The 8W Intel C602J is specified to work at up to 92 °C, so again there is still a lot of headroom left, even with 40°C inlet air temperature. Notice that the CPU used still has an impact on the temperature of the PCH, despite the fact that there is quite a bit of space between the PCH and the CPU heatsinks. The higher performance offered results in the chipset having to work harder as well.

Performance?

Yes, we did monitor performance. But it simply was not worth talking about: the results at 20°C inlet are almost identical to those at 40°C inlet. The only difference that lower temperatures could make is a slight increase in the amount of time spent at higher Turbo Boost frequencies, but we could not measure any significant difference. The reason is of course that some of our VMs are also somewhat disk intensive.

Conclusion

The PUE optimized servers can sustain up to 40°C inlet temperature without a tangible increase in power consumption. It may not seem spectacular but it definitely is. The "PUE optimized" servers are simply improved versions; they do not need any expensive technology to sustain high inlet temperatures. As a result, the Supermicro Superserver 6027R-73DARF cost is around $1300.

That means that even an older data center can save a massive amount of money by simply making sure that some sections only contain servers that can cope with higher inlet temperatures. An investment in air-side or water-side economizers could result in very large OPEX savings.

Reliability was beyond the scope of this article and the budget of our lab. But previous studies, for example by IBM and Google, have also shown that reasonably high inlet temperatures (lower than 40°C) have no significant effect on the reliability of the electronics.

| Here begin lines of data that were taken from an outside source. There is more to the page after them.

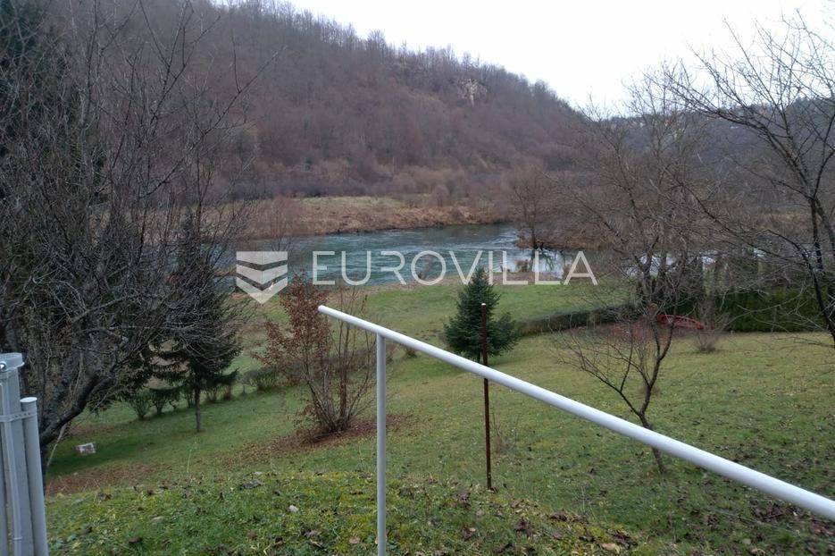 Slunj, Veljun, troetažna kuća 120 m2 na prekrasnoj lokaciji, okružena zelenilom do rijeke Korane.Nalazi se na parceli od 755 m2.Kuća ima 120 m2. 3 ulaza stoga se svaka etaža može pretvoriti u apartman. Sastoji se od dnevnog boravka, 2 spavaćih soba, kuhinje, blagovaonice, kupaonice s WC-om, 2 balkona i terase.Grijanje na drva, žbukana fasada. Podne obloge keramika i parket.Veljun kraj Slunja je malo naselje u Karlovačkoj županiji, smješteno svega nekoliko kilometara od Slunja, u mirnom i zelenom krajoliku središnje Hrvatske. Okružen je šumama, brežuljcima i krškim terenom, pa djeluje vrlo prirodno i nenametnuto. tipično ruralno mjesto - s raspršenim kućama, poljima i livadama, gdje se i danas osjeća sporiji, tradicionalniji način života. Blizina Rastoka, kao i rijeka Korane i Slunjčice, čini ga dobrim polazištem za ljubitelje prirode, šetnji i izleta.Za sva ostala pitanja stojim na raspolaganju.... Više na eurovilla.hr, ID: 940230
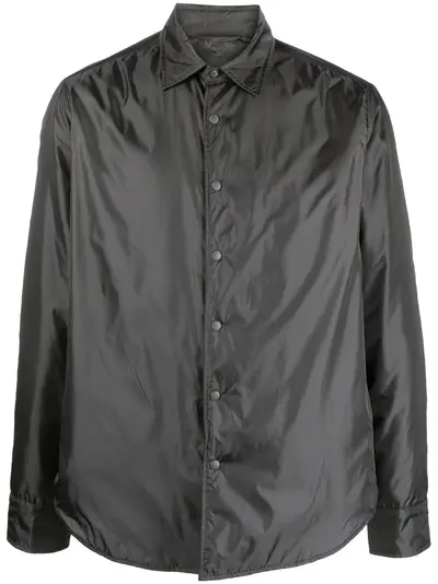 charcoal grey classic collar front button fastening front press-stud fastening long sleeves curved hem
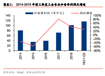 中信建投方面表示,一方面,豬瘟事件的負面影響已經逐漸恢複,停售産品逐步上架,另一方面,公司上半年持續推出新品,共推出20多個系列和70多個口味,一定程度貢獻了Q3營收的恢複增長。此外,公司自2018年來注重餐飲業的發展,目標實現雙輪驅動,自2019年初以來餐飲行業收入為公司營收作出的貢獻不斷增長,並推動Q3營收實現一定幅度的提升。
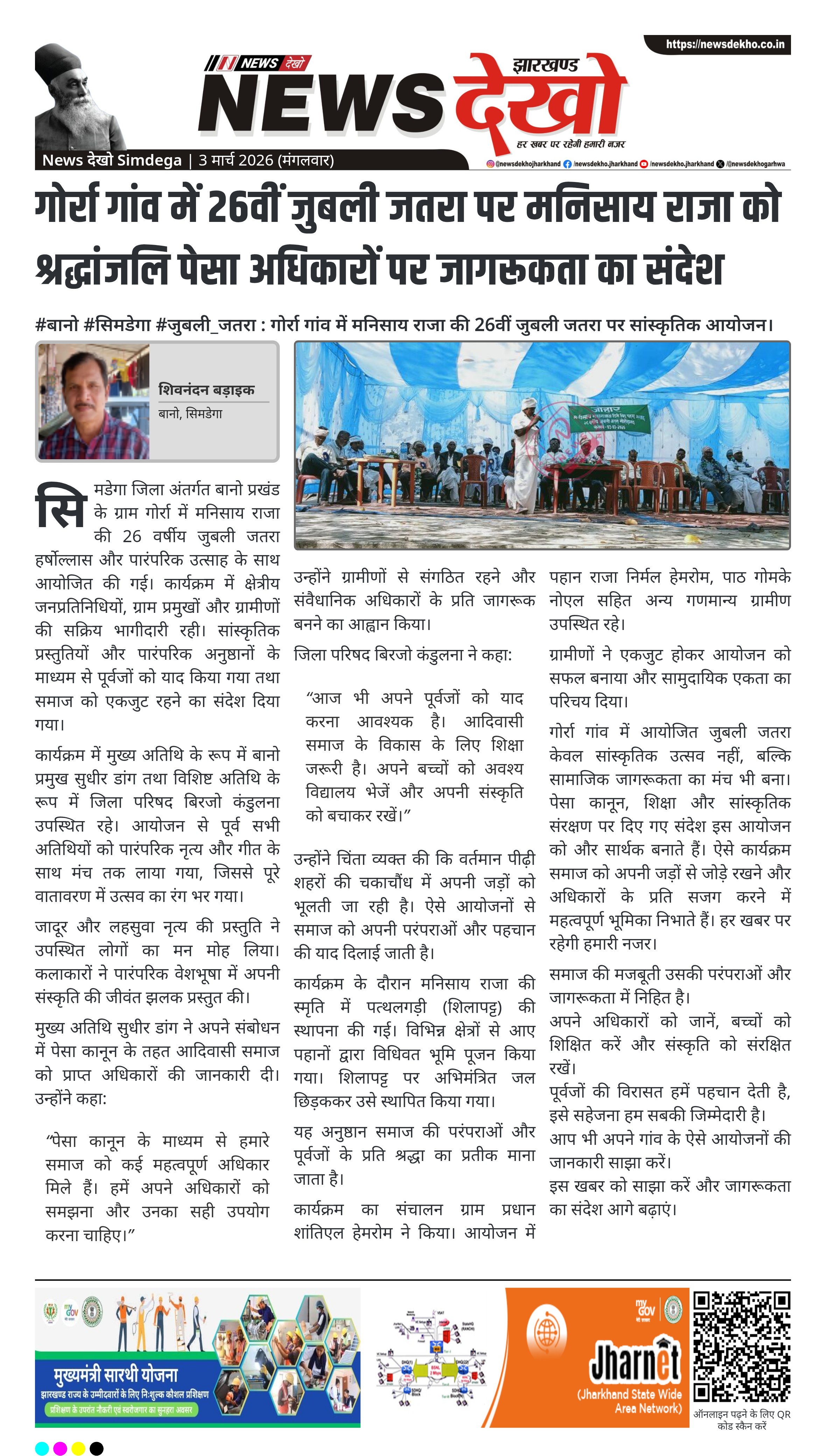 #सिमडेगा #नगरपालिका_चुनाव_2026 : उपायुक्त और एसपी ने मतदान केंद्रों का निरीक्षण कर मूलभूत सुविधाएं सुनिश्चित करने दिए निर्देश। सिमडेगा कॉलेज में बनाए गए मतगणना केंद्र व स्ट्रांग रूम का निरीक्षण। वार्ड 07, 11 और 12 के मतदान केंद्रों का लिया गया जायजा। रैंप निर्माण व विद्युत व्यवस्था दुरुस्त करने का…
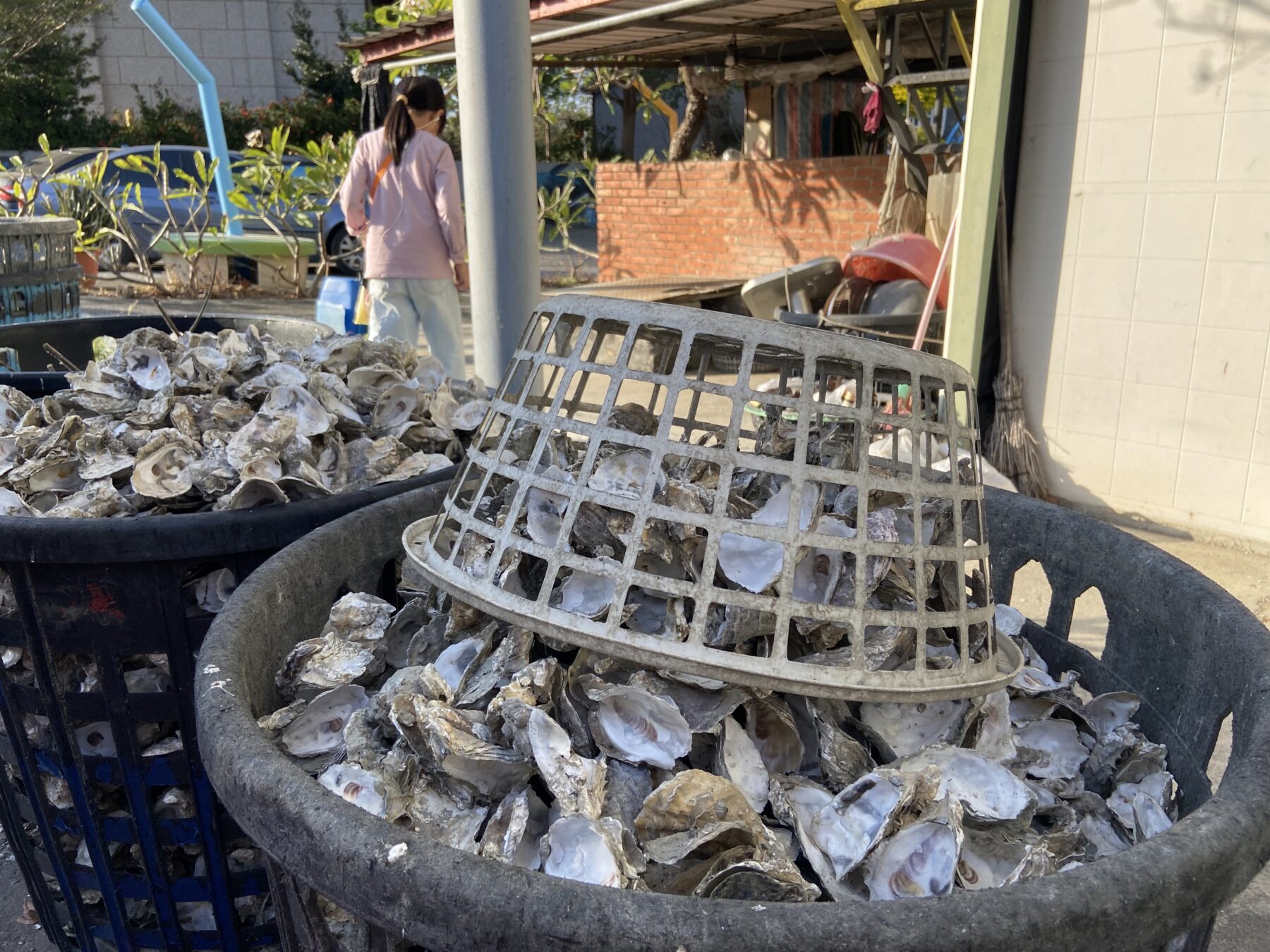 將產業廢棄的蚵殼再生,運用在下一次的養殖過程。(島內散步攝)
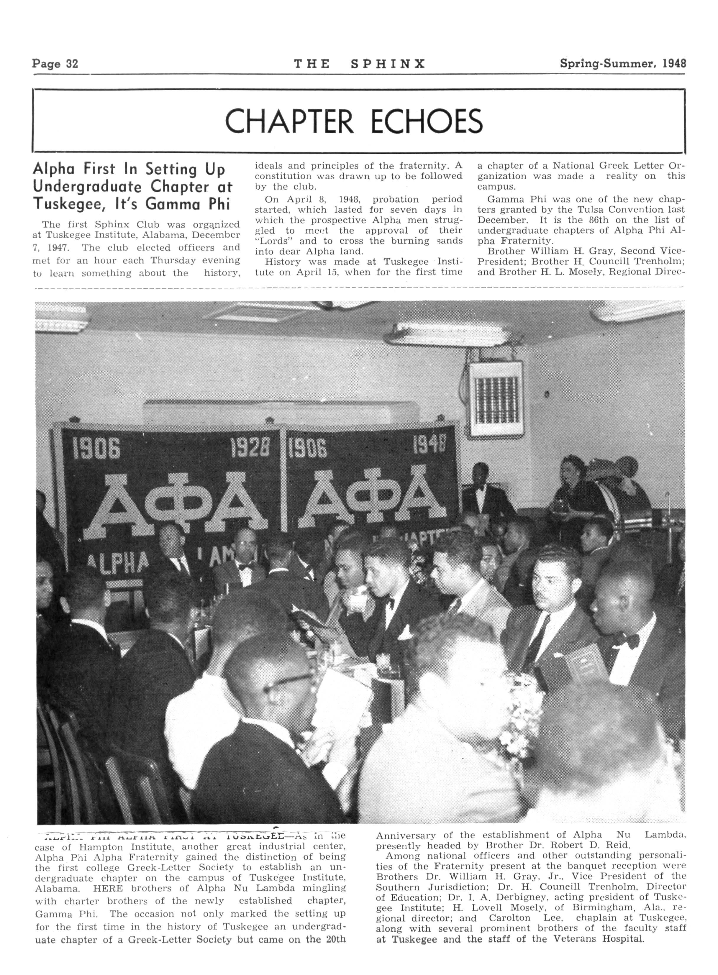 GAMMA PHI—Tuskegee Alabama; President, Robert L Owens, III, Barracks 3, Room 2, Tuskegee Institute, Alabama? fnZVuV^ A^T^a HBearde"' 22 CaSSCdy Hal1' Tk ^e
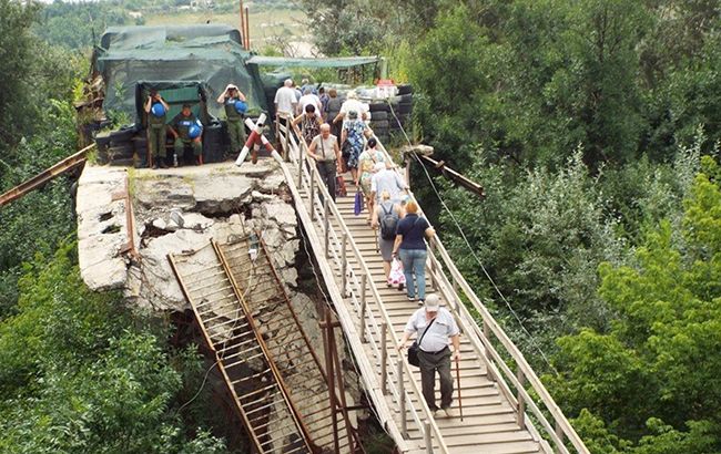 Сегодня, 18 сентября, работы у излома моста вблизи КПВВ "Станица Луганская" выполняли работники ООО "Уктрансмост", инженерная группа ГСЧС и три пиротехнические группы.
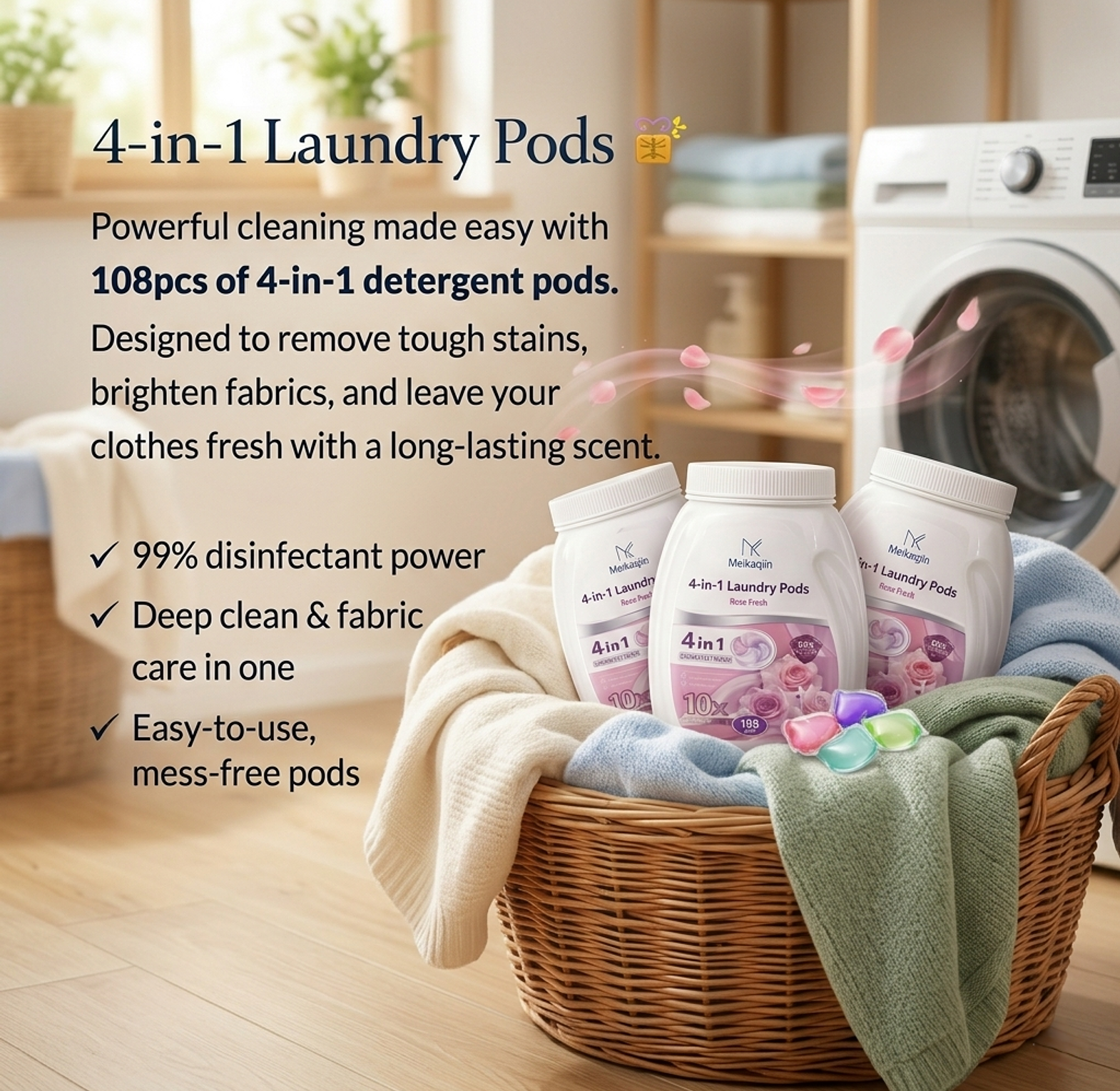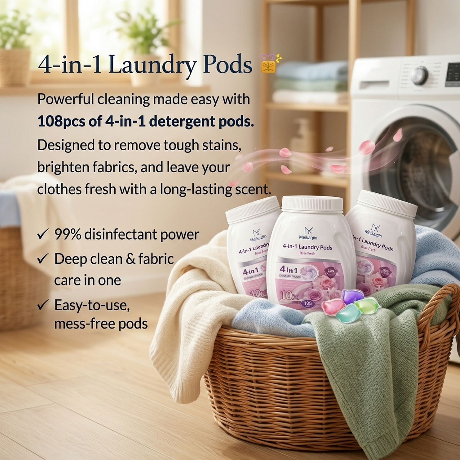 ▫️Powerful cleaning made easy with 108pcs of 4-in-1 detergent pods.
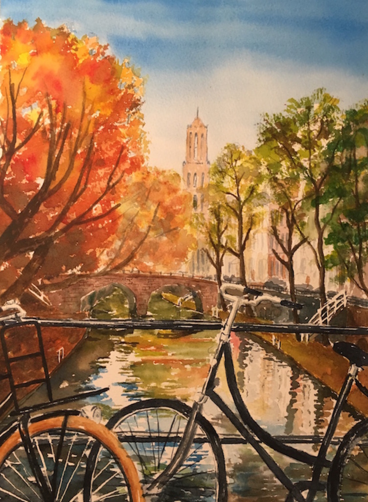 Water Van Aquarel Oude Gracht Der Schilderen Utrecht Cursus Workshop Reflections Burgh 2018 2019

Modern data centers should avoid servers that cannot cope with higher inlet temperature at all cost as the cost savings of free cooling range from significant to enormous. We quote a study done on a real-world data center by Intel:

"67% estimated power savings using the (air) economizer 91% of the time—an estimated annual savings of approximately USD 2.87 million in a 10MW data center"

A simple, solid and very affordable server without frills that allows you to lower the cooling costs is a very good deal.